At ten weeks introduce a 20-foot-length of plastic clothesline as a tracking leash. This is light and friction-free. Pups don’t seem to notice it, but if they have lapses of attention, you have some control. Work up from 25 to 100 yards, adding right angle turns to that the pup has to work a check.

Don’t be afraid to work a pup on line two to four hours old and gradually space the blood drops or dabs out to three feet. Your pup has plenty of nose to smell a spot of blood that is right there giving off scent. The limiting factor for the young pup is brain power to process the information that his nose brings in to him. Help your pup develop this.

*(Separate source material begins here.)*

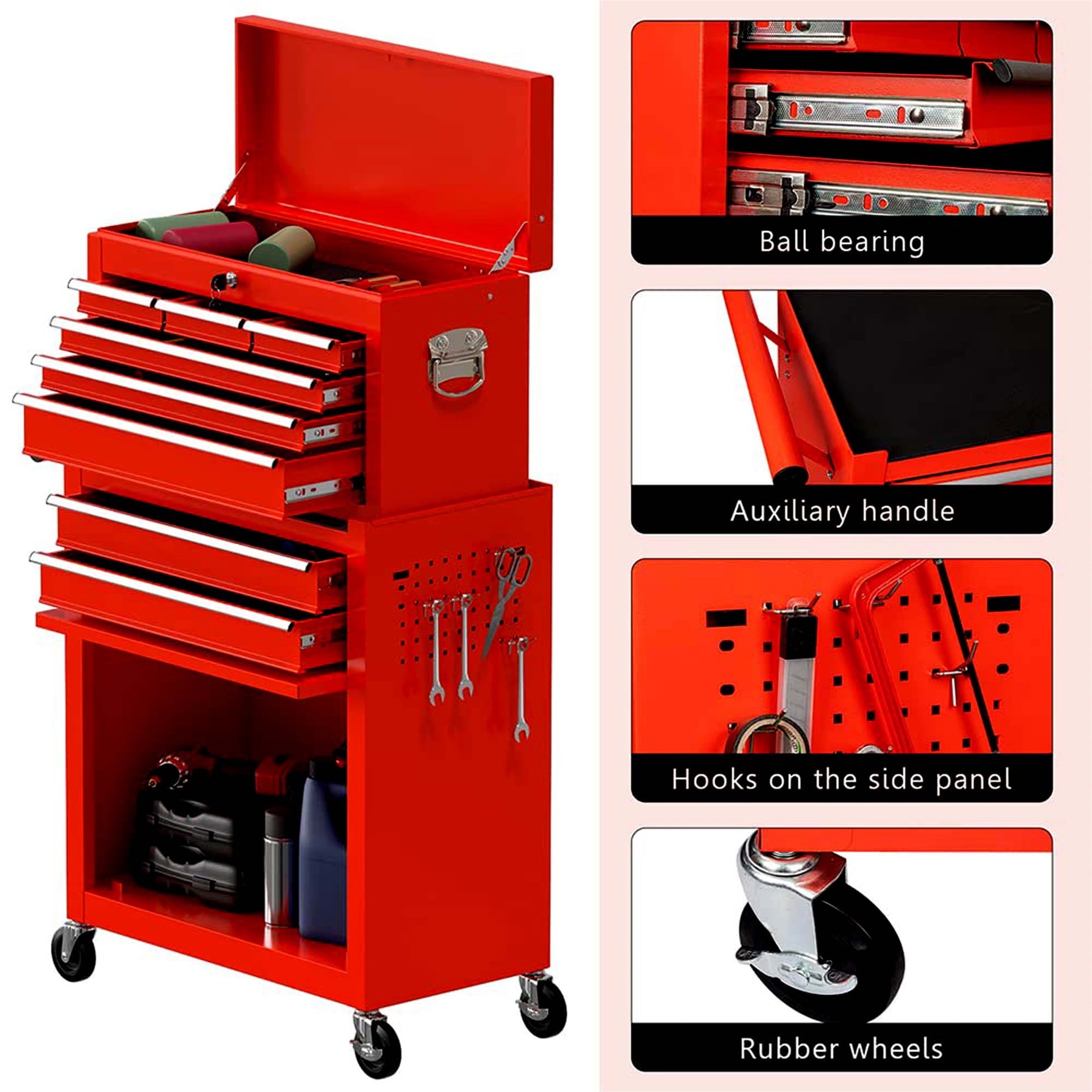 - LARGE HIGH CAPACITY – Compared with other tool chests, there are 6 hooks beside of cabinet and hanging items. Also, the rolling toolbox is equipped with 8 sliding drawers: 2 large, 3 medium & 3 small, 1 top layer, and 1 bottom cabinet, to store different size tools and meet your needs. Each drawer is designed with a liner to prevent scratches.

You can’t be doing your training exercises over and over again on the front lawn. Puppy has a nose and a memory to remind him of what you did a week ago. At around 14 weeks it is time to move out to the woods; here open hard woods are best. For one thing you get away from wind that spreads out and blurs the scent line at his early stage of development. It’s also easier to mark the line on trees at your eye level so that the pup doesn’t see them.

There’s no cookbook recipe and schedule appropriate for all puppies all of the time. The secret is to keep the line just difficult enough so that the pup has some challenge as he succeeds. If you make things too easy the pup will get bored. In most cases you will accomplish more with well-planned sessions twice a week than with drills every day. Go with the flow of weather and temperature. A line laid in the evening ages little before the cool of the following morning.

Text by John Jeanneney; pictures by Jolanta Jeanneney

1 comment:

Anonymous said...

I agree that the sooner a pup is started on its future quarry the better chance is has of becoming a useful hunting partner. I let my 3 week old pups chew on opened rabbit carcases. By six weeks they are tracking scent lines of dragged dead rabbits. By five months I expect them to be able to find, flush and run their own rabbits, if only for a few hundred feet. Exposure to game at an early age sets their little minds on quarry, as you say, and hunters reap the benefits. Good blog...always great to read about working dachshunds.